++++ MATERIAL SUPPLIED

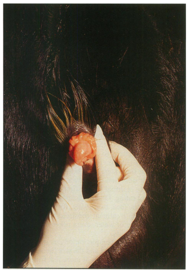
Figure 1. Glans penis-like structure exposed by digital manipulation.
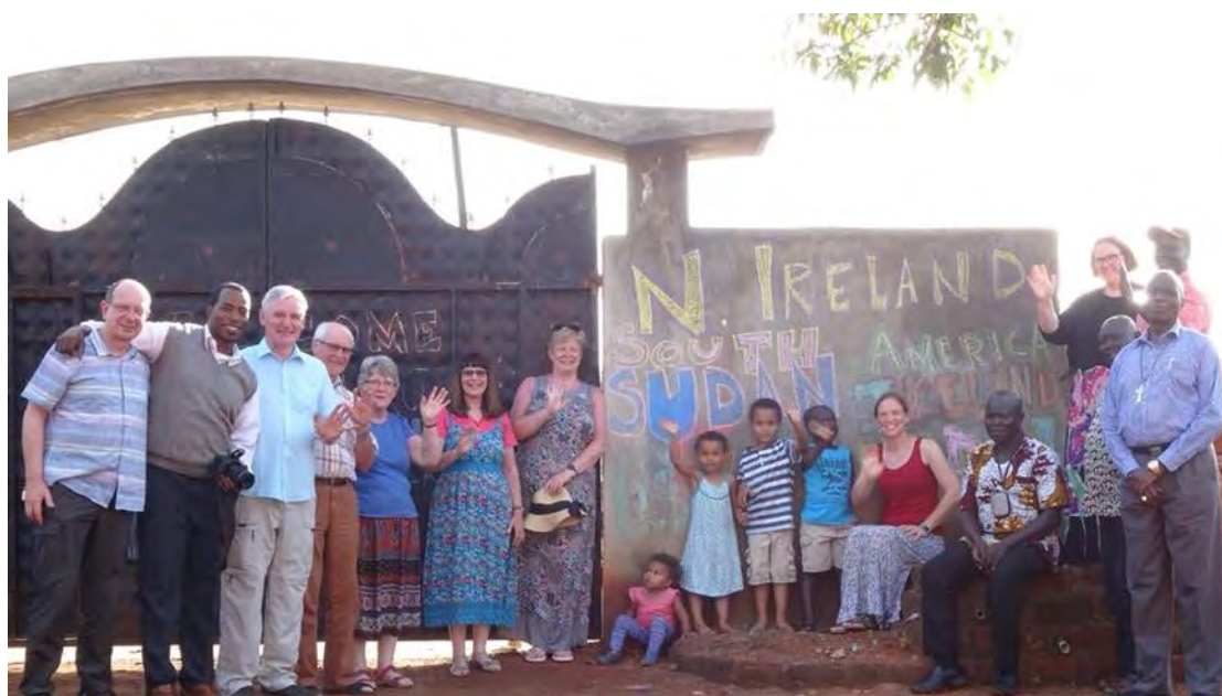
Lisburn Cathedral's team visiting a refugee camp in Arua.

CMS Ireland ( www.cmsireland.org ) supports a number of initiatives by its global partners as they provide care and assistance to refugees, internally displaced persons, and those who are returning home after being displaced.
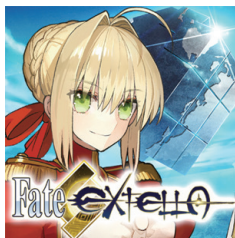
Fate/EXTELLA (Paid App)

++++++++
++++ MATERIAL SUPPLIED

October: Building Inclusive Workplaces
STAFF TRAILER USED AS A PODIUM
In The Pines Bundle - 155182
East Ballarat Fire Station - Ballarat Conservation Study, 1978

++++++++

◆ **AIM OF THE TASK**: From the data above, return only the lines starting at the line that holds "Figure 1. Glans" and ending at the line that holds "Fate/EXTELLA (Paid App)", word for word and without pictures.

◆ **OUTPUT OF THE EXERCISE**:
Figure 1. Glans penis-like structure exposed by digital manipulation.
Lisburn Cathedral's team visiting a refugee camp in Arua.

CMS Ireland ( www.cmsireland.org ) supports a number of initiatives by its global partners as they provide care and assistance to refugees, internally displaced persons, and those who are returning home after being displaced.
Fate/EXTELLA (Paid App)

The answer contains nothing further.